» **Your task**
Everything below from the line with "Insula a fost" through the line with "Coastal area of" should be copied exactly, and nothing else; leave out the pictures.

» **Entries shown**
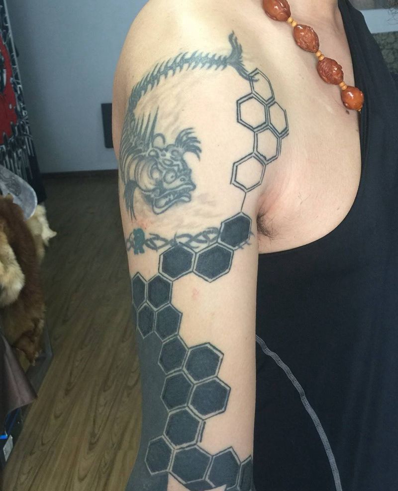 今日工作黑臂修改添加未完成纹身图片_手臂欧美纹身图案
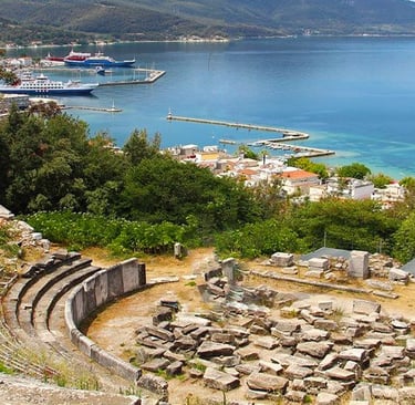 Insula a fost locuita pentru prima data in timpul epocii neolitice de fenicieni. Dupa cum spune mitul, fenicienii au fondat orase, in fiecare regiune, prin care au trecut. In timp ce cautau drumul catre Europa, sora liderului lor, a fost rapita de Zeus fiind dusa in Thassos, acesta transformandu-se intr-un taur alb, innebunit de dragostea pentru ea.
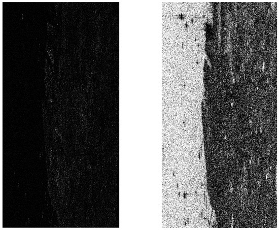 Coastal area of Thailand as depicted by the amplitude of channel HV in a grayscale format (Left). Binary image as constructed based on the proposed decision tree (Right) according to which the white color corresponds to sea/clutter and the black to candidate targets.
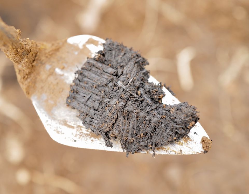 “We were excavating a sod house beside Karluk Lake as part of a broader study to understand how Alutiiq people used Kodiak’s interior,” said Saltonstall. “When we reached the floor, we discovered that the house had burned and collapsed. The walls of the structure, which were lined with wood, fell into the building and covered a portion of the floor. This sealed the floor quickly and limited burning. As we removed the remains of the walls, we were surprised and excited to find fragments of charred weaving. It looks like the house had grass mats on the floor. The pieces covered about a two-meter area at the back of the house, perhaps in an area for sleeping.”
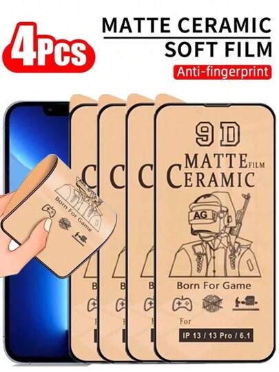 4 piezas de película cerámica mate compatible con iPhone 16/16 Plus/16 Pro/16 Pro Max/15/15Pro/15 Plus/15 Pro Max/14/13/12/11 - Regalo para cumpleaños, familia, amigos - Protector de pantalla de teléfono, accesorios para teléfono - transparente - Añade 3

* * *

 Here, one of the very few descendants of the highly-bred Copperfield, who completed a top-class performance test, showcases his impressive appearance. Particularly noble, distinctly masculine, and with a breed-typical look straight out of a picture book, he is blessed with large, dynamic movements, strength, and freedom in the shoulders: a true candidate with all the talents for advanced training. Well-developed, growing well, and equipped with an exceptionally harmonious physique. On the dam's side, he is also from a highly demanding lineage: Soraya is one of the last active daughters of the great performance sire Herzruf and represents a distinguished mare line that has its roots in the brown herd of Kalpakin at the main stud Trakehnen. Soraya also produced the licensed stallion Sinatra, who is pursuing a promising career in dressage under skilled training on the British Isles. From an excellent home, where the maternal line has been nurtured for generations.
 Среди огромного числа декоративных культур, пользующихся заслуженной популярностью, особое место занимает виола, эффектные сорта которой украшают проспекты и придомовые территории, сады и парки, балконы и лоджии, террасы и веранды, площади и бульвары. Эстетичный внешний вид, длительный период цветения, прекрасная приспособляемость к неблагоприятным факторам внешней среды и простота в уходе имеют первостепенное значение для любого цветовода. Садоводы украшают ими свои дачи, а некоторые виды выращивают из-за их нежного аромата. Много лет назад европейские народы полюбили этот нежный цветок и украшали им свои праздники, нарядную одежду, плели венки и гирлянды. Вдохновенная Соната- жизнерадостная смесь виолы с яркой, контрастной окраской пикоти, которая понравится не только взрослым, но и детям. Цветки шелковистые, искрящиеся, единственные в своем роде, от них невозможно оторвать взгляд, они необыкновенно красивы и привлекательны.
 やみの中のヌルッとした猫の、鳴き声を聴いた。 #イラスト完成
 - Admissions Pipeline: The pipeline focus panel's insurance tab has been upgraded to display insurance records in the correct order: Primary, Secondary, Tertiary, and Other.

==

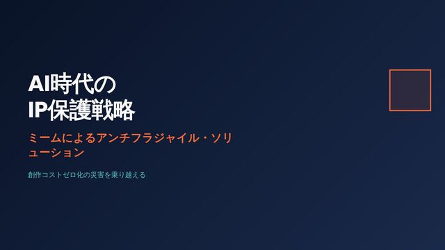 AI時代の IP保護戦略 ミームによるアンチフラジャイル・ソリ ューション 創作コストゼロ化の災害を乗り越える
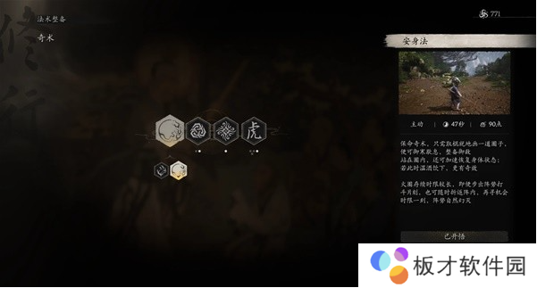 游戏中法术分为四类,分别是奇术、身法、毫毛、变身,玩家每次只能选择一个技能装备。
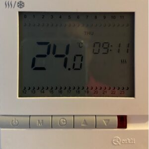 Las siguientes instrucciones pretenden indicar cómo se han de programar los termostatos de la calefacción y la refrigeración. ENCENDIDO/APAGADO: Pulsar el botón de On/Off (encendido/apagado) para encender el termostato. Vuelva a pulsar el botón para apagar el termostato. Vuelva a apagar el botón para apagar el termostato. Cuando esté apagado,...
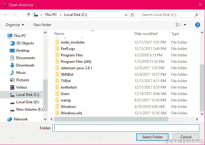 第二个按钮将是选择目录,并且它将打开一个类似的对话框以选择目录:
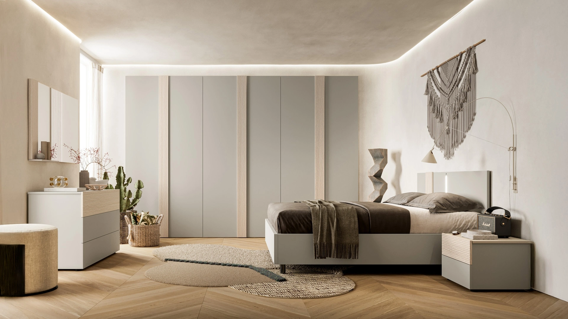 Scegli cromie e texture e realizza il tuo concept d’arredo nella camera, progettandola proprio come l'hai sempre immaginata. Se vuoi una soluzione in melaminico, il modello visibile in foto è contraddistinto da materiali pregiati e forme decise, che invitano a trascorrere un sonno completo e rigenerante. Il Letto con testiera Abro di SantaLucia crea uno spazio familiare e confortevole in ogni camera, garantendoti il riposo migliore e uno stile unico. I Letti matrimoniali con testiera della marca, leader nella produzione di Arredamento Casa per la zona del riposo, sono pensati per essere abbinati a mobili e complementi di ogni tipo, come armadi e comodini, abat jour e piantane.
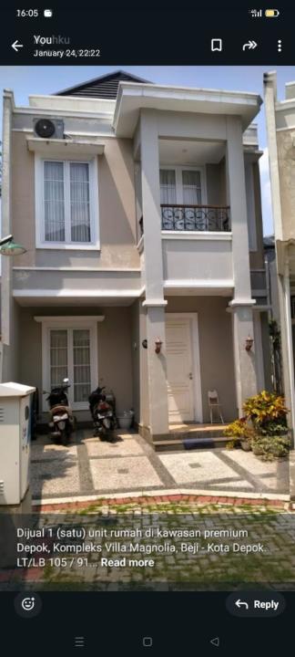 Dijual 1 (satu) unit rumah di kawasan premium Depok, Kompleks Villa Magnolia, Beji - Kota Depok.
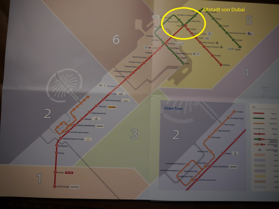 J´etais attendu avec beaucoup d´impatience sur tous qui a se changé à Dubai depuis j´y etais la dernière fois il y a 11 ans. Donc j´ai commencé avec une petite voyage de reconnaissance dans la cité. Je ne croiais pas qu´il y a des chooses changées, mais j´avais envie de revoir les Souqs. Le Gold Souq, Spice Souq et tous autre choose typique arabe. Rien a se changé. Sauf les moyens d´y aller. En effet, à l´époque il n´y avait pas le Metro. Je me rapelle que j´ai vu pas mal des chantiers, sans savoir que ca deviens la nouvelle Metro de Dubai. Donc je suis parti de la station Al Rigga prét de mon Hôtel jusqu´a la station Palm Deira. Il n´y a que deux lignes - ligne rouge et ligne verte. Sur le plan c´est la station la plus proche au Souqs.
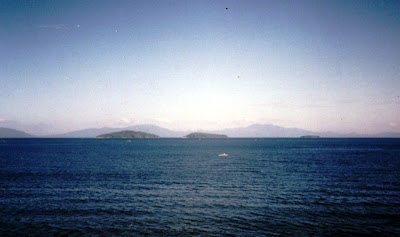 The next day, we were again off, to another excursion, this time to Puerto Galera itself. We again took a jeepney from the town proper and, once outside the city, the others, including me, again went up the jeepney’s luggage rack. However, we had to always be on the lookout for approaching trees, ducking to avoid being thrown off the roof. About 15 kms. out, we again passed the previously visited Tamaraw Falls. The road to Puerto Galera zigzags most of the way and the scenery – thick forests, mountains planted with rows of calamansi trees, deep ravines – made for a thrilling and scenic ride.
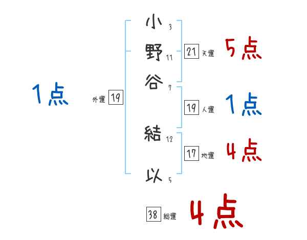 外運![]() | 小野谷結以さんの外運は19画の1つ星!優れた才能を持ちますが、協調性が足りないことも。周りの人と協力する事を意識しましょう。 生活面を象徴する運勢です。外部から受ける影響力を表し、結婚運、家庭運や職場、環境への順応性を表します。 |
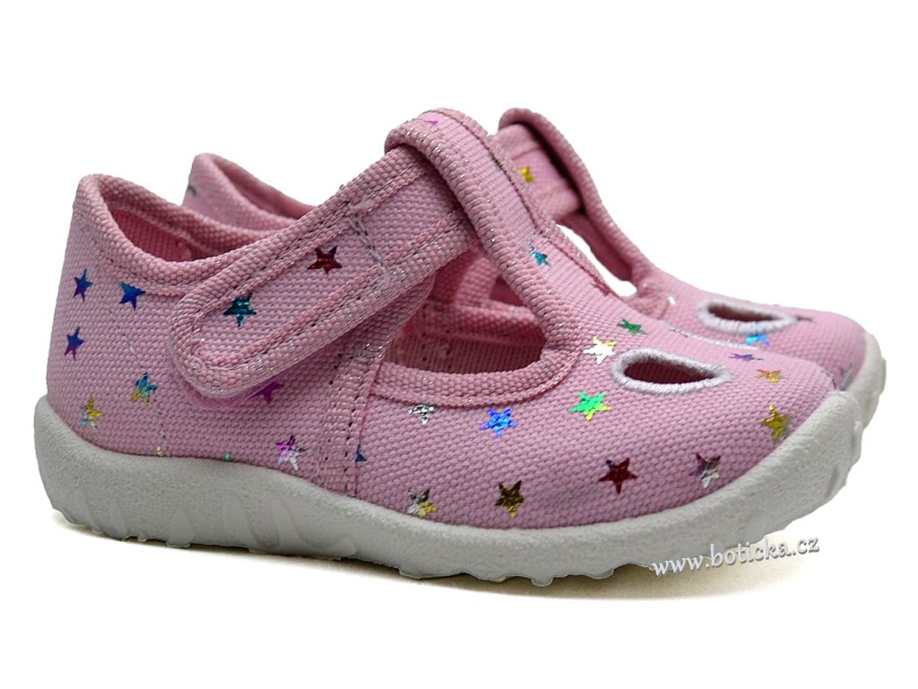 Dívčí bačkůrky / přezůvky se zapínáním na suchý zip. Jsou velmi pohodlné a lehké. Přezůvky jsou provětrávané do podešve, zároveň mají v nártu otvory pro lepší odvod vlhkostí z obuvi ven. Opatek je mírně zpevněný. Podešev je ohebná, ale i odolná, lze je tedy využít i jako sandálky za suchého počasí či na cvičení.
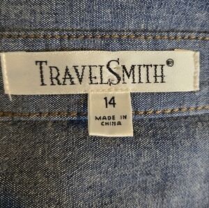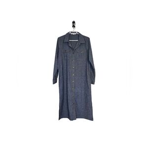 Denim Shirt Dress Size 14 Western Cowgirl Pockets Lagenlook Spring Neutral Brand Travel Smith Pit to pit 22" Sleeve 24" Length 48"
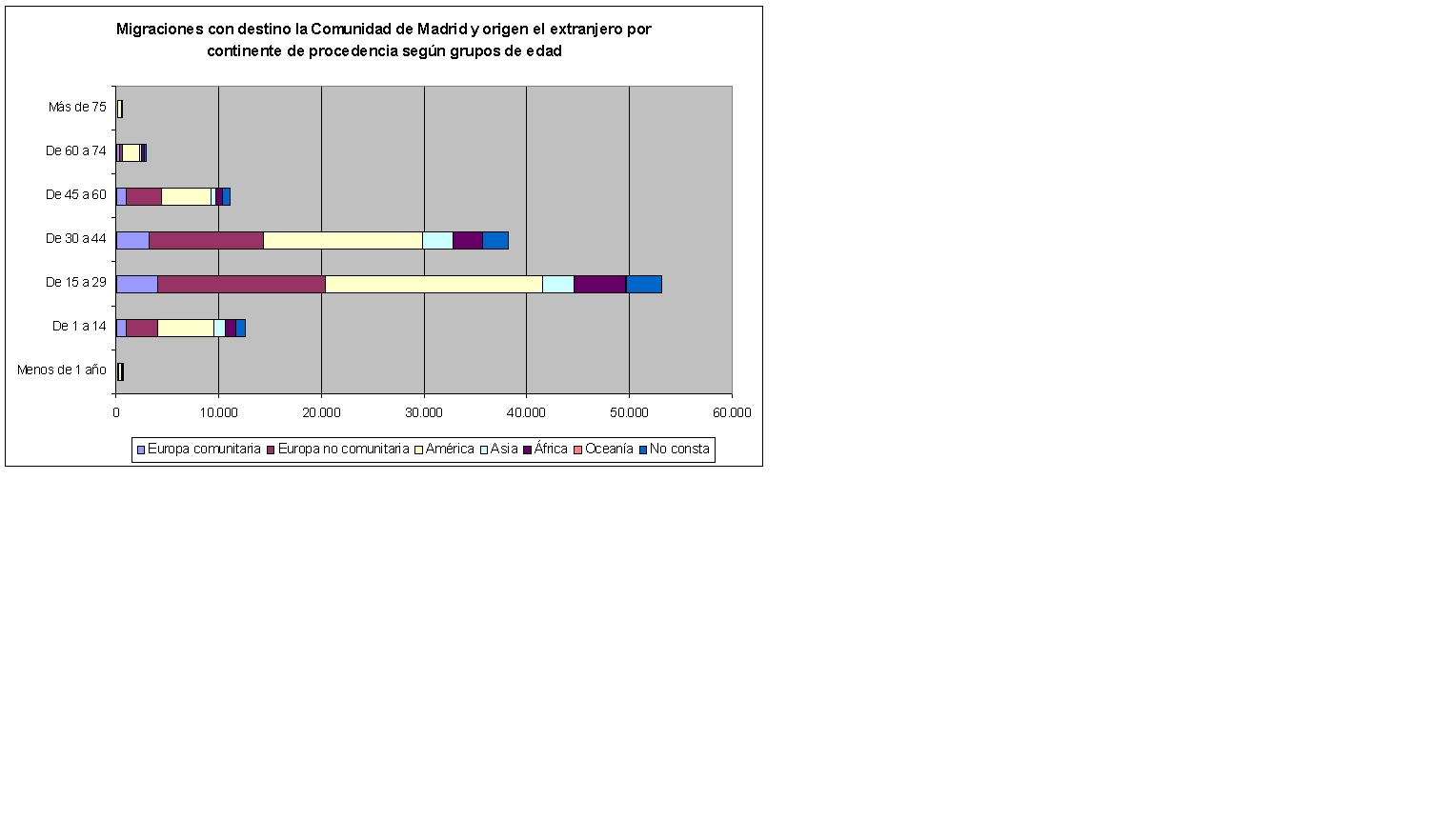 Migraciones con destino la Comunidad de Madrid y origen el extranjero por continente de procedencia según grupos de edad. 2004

» **Answer space**
 Insula a fost locuita pentru prima data in timpul epocii neolitice de fenicieni. Dupa cum spune mitul, fenicienii au fondat orase, in fiecare regiune, prin care au trecut. In timp ce cautau drumul catre Europa, sora liderului lor, a fost rapita de Zeus fiind dusa in Thassos, acesta transformandu-se intr-un taur alb, innebunit de dragostea pentru ea.
 Coastal area of Thailand as depicted by the amplitude of channel HV in a grayscale format (Left). Binary image as constructed based on the proposed decision tree (Right) according to which the white color corresponds to sea/clutter and the black to candidate targets.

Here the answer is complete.